Humphrey watched the breathless coverage of the crisis just down the street for a few moments, and then sighed.

“Wilkins, Farmer McVeigh over there, just outside our offices—is he one of ours?”

“Nope. He’s protesting the end of federal tobacco subsidies.”

“Ah,” Humphrey exhaled relief. “Carry on, then.”

A half hour later, Humphrey found himself in the luxurious office of Conrad Steiner, president of GASPP. At least one forest had been clear-cut to provide the wood in the ornate bookshelves lining the walls, and the desk, mostly empty, appeared to be best measured in acres.

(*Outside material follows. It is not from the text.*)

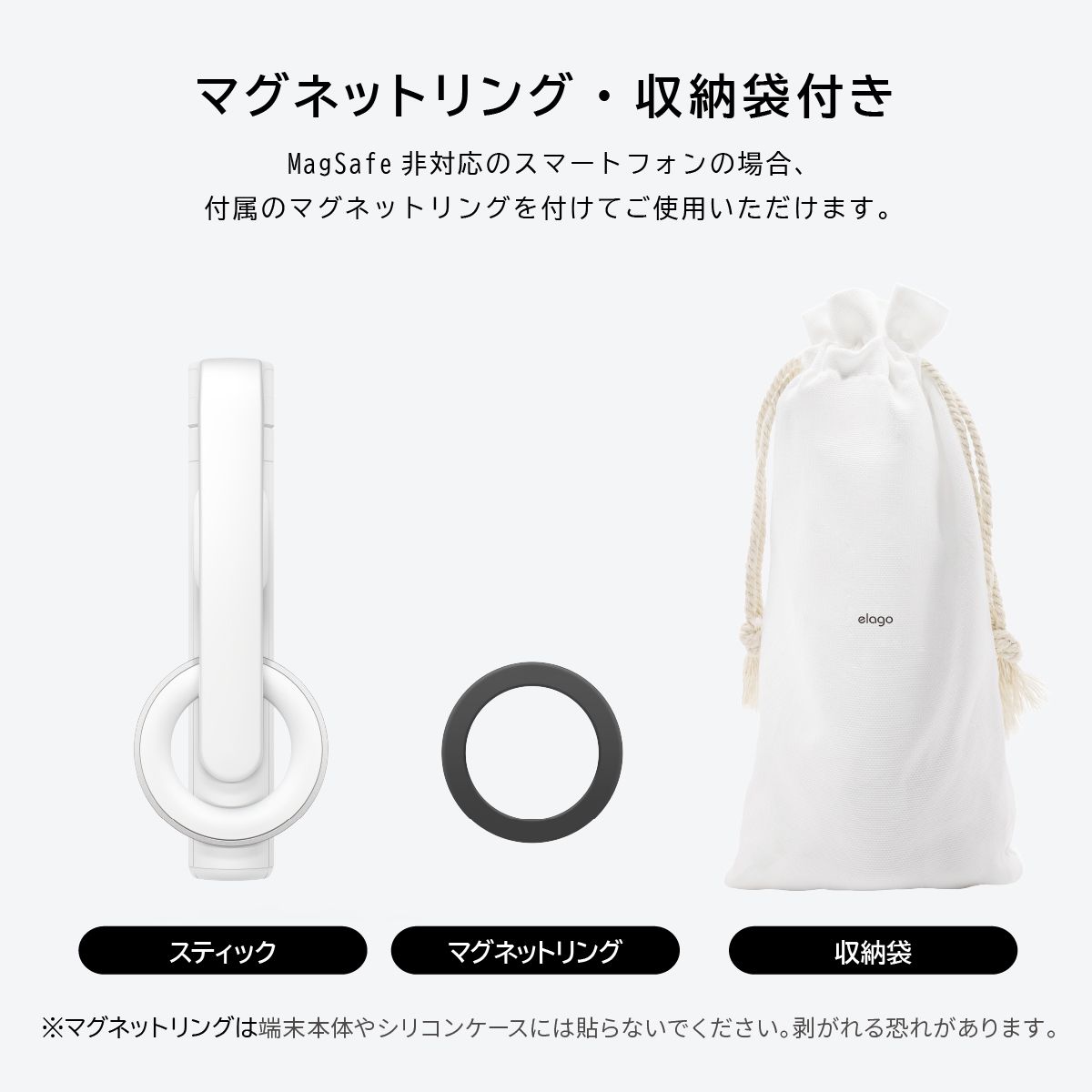 【製品仕様】… ◆ 対応機種 : MagSafe対応 iPhone 他各種 スマートフォン ◆ 内容物 : セルフィースティック × 1本、リモコン × 1個、マグネットリング × 1個、収納袋 × 1個 ◆ サイズ : 約 16.5cm × 6cm × 5.5cm ◆ 重量 : 約 170g ◆ 素材 : ABS樹脂、ポリカーボネート、アルミニウム、マグネット、シリコン
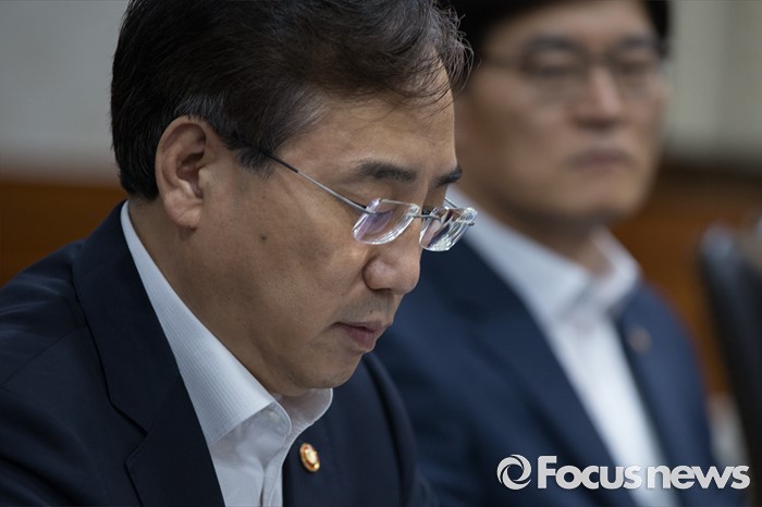(서울=포커스뉴스) 이석준 국무조정실장이 14일 오전 서울 종로구 정부서울청사에서 열린 대구공항 통합이전 TF 첫 회의 시작을 기다리며 자료를 살펴보고 있다.

Humphrey looked around and realized his office desperately needed an upgrade in furniture.

“Conrad, I consider diplomacy to be a key facet of my role at my agency, but I’m fighting a cold, everyone’s on edge about reprisal attacks for war in the Middle East, and some yokel on a tractor is threatening to blow himself up outside my office if the government stops paying him to grow a crop that kills people, so you’ll find me at less than peak diplomatic sensitivity today,” Humphrey began.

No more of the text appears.